=== Section Start ===
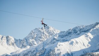 Im Winter wird der Fisser Flieger zum rasanten Höhenflug über eine glitzernde Schneelandschaft. Warm eingepackt startest du ins Abenteuer und gleitest mit beeindruckender Geschwindigkeit über die weiße Bergkulisse hinweg.
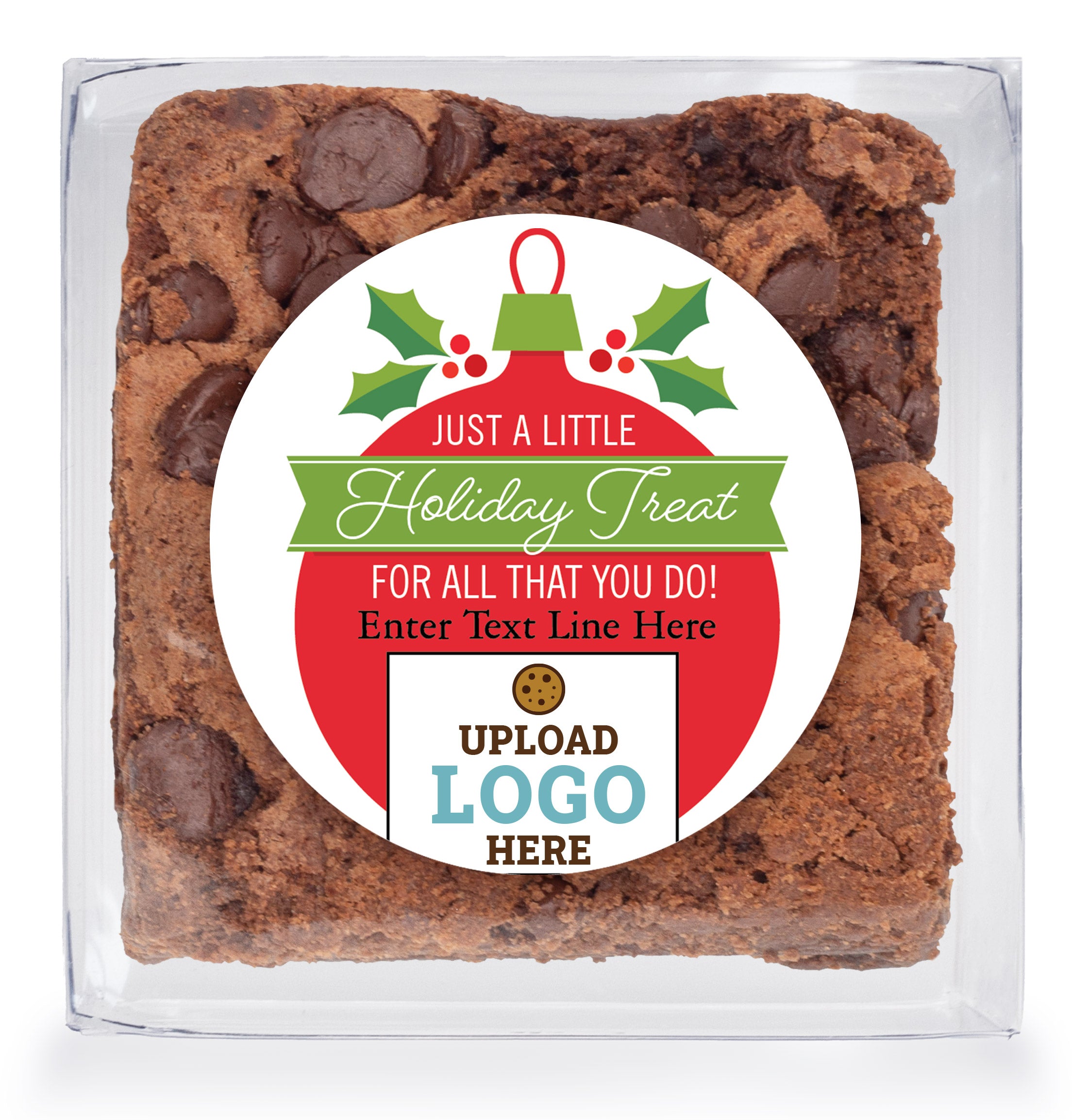 Wreath Logo Upload & Message - Chocolate Chip Fudge Brownies W/Full Color Personalized Sticker
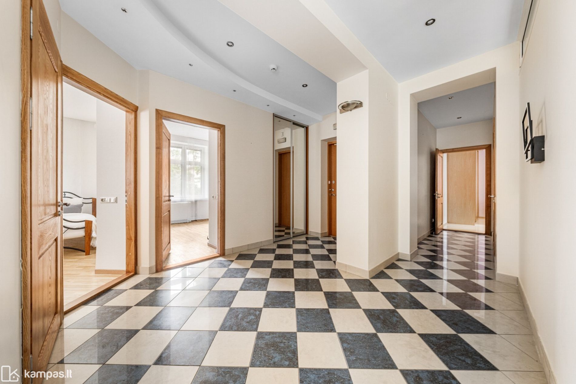 • Durys: įėjimo - šarvuotos, vidaus – natūralaus medžio
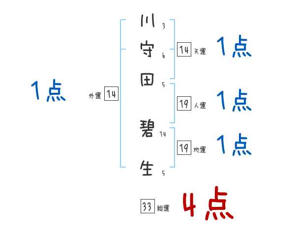 外運![]() | 川守田碧生さんの外運は14画の1つ星!人に対して優しいがストレスを溜め込みがち。人間関係のトラブルを避けるよう気をつけましょう。 生活面を象徴する運勢です。外部から受ける影響力を表し、結婚運、家庭運や職場、環境への順応性を表します。 |
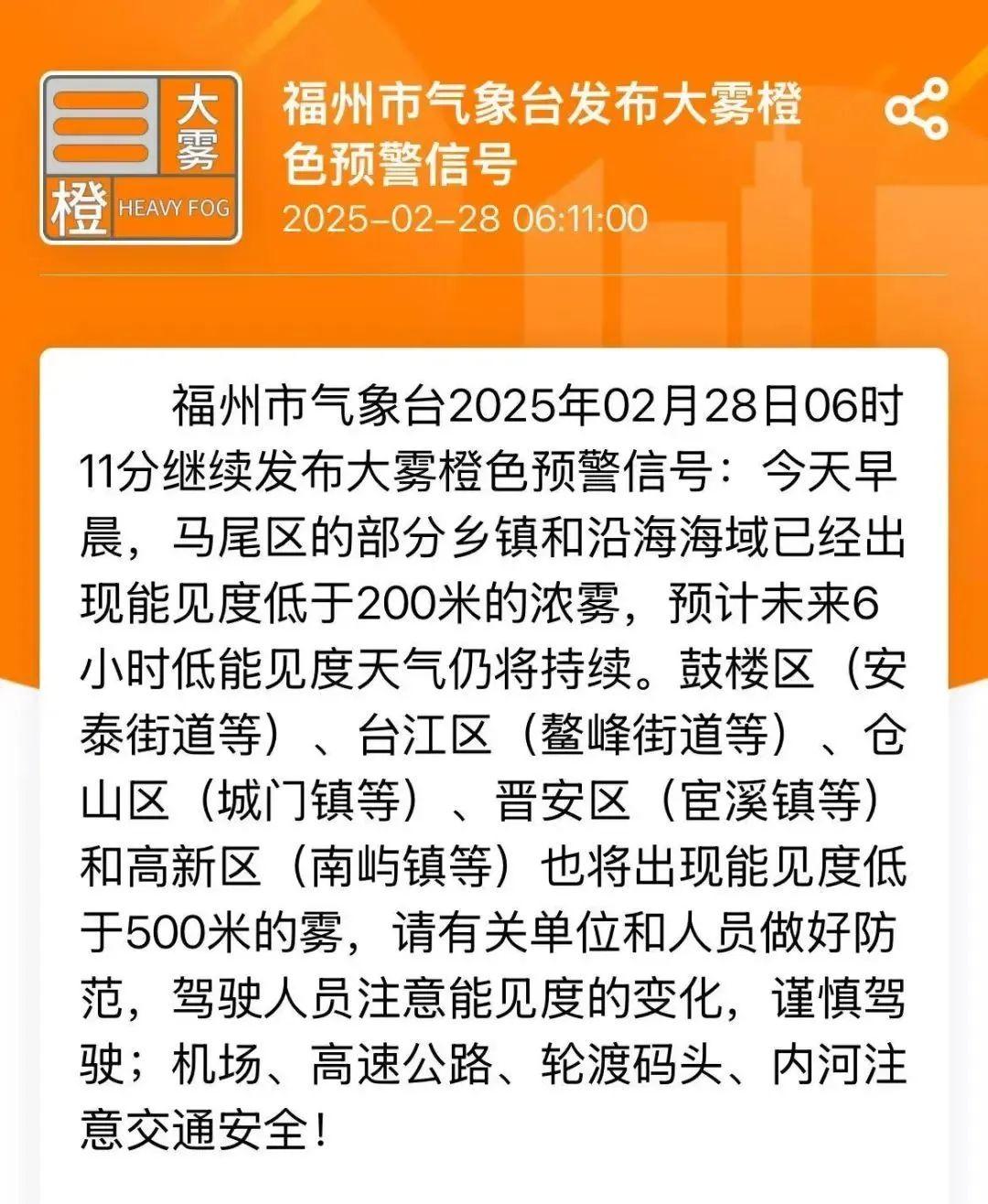 今天早上6时,福州发布大雾橙色预警!部分乡镇能见度小于200米!
=== Section End ===
▶ [TASK STATEMENT]: Give the data again word for word, without pictures.

▶ [RESPONSE TO THIS EXERCISE]:
 Im Winter wird der Fisser Flieger zum rasanten Höhenflug über eine glitzernde Schneelandschaft. Warm eingepackt startest du ins Abenteuer und gleitest mit beeindruckender Geschwindigkeit über die weiße Bergkulisse hinweg.
 Wreath Logo Upload & Message - Chocolate Chip Fudge Brownies W/Full Color Personalized Sticker
 • Durys: įėjimo - šarvuotos, vidaus – natūralaus medžio
 外運![]() | 川守田碧生さんの外運は14画の1つ星!人に対して優しいがストレスを溜め込みがち。人間関係のトラブルを避けるよう気をつけましょう。 生活面を象徴する運勢です。外部から受ける影響力を表し、結婚運、家庭運や職場、環境への順応性を表します。 |
 今天早上6时,福州发布大雾橙色预警!部分乡镇能见度小于200米!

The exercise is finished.